1. Set realistic goals. Instead of attempting to lose a specific number of pounds, make it your goal to adopt more healthful eating and exercise habits. If you are obese and feel compelled to set a weight goal, losing 10 percent to 15 percent of your current body weight is a realistic objective. The safest rate of weight loss is 1/2 to 2 pounds a week.

2. Seek support from family and friends.

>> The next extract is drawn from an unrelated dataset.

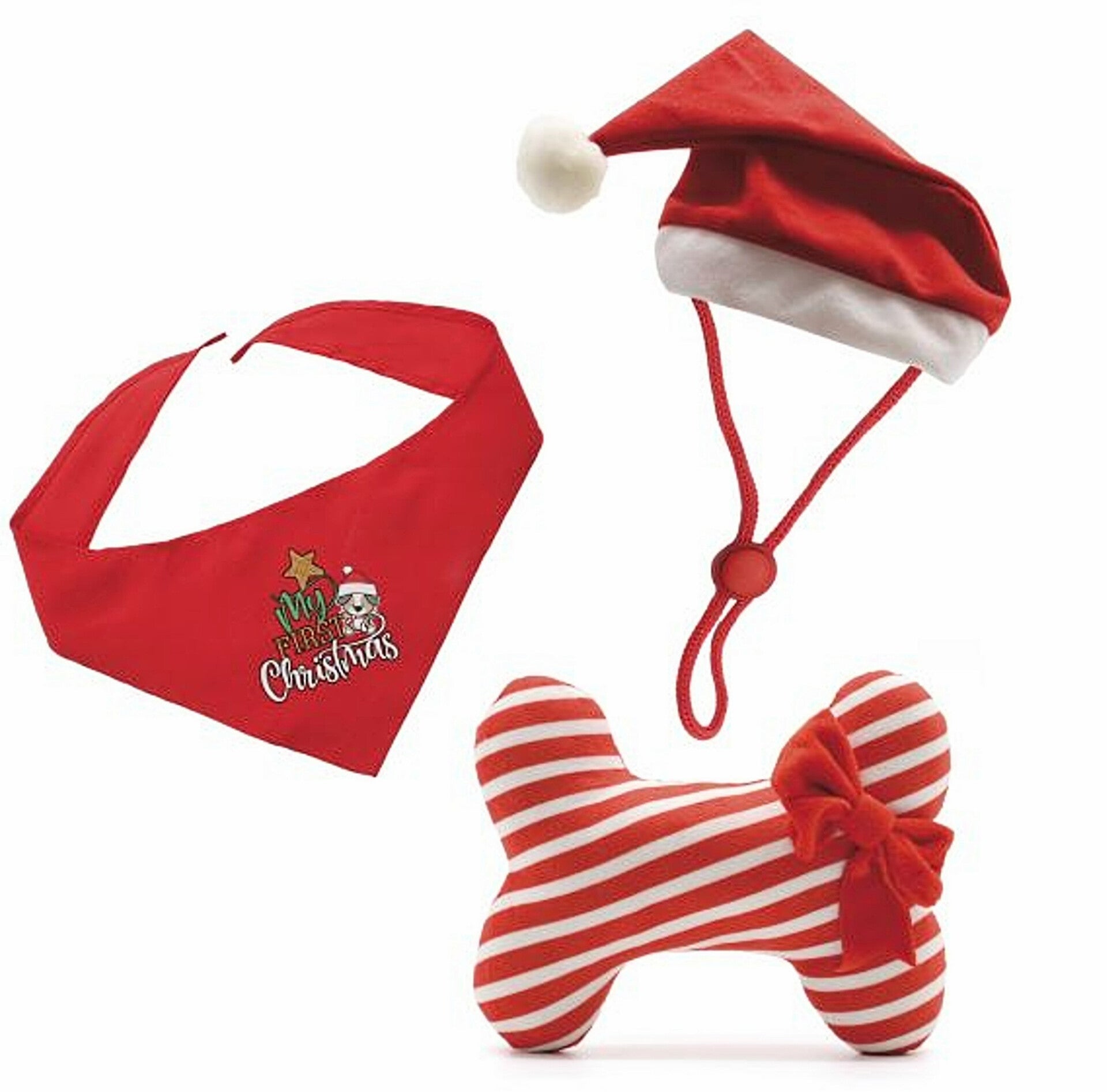 De set bevat een hondenknuffel in de vorm van een bot dat geluid maakt, een schattige bandana en een kerstmuts, allemaal in kerstthema. Met de tekst "My First Christmas" is dit een ideaal cadeau om de feestdagen met je nieuwe viervoeter te vieren.

People who receive social support are more successful in changing their behaviors. Ask family and friends for help, whether this means keeping high-fat foods out of the house or relieving you of some chore so that you have time to exercise. It will be easier to stick to your new eating plan if everyone in the household eats the same types of foods. You may be more motivated to exercise if you work out with a friend or family member.

3. Make changes gradually. Ease into exercise; do not overdo it. Incorporate low-fat eating in stages. For example, if you typically drink whole milk, switch to reduced-fat (2 percent) milk, then to low-fat (1 percent), and then to fat-free milk.

4. Eat slowly. Many people consume more calories than needed to satisfy their hunger because they eat too quickly. Since it takes about 20 minutes for the brain to recognize that the stomach is full, slowing down helps you feel satisfied on less food.

5. Eat three meals a day, plus snacks. Skipping meals is counterproductive, as is severely reducing food intake, since such strict changes are impossible to maintain and are ultimately unhealthful. You will be more successful in the long run if you allow yourself to eat when you are hungry, eat enough nutritious low-fat food to satisfy that hunger, and spread your calorie intake over the course of the day.

6. Plan for exercise. Choose activities that are convenient and enjoyable, and then treat exercise like any other appointment--set a time and jot it down in your datebook.

7. Evaluate your relationship to food. Behavioral and emotional cues frequently trigger an inappropriate desire to eat. The most common cues are habit, stress, boredom, sadness, anxiety, loneliness, and the use of food as a reward. Many people also relate food to love or care and derive comfort from it. Although eating may appear to soothe uncomfortable feelings, its effect is temporary at best and ultimately does not solve any problems. In fact, it may distract you from focusing on the real issues.

8. Don't try to be perfect. While losing weight requires significant changes in eating and exercise habits, not every high-calorie food must be banished forever, and you need not exercise vigorously every day.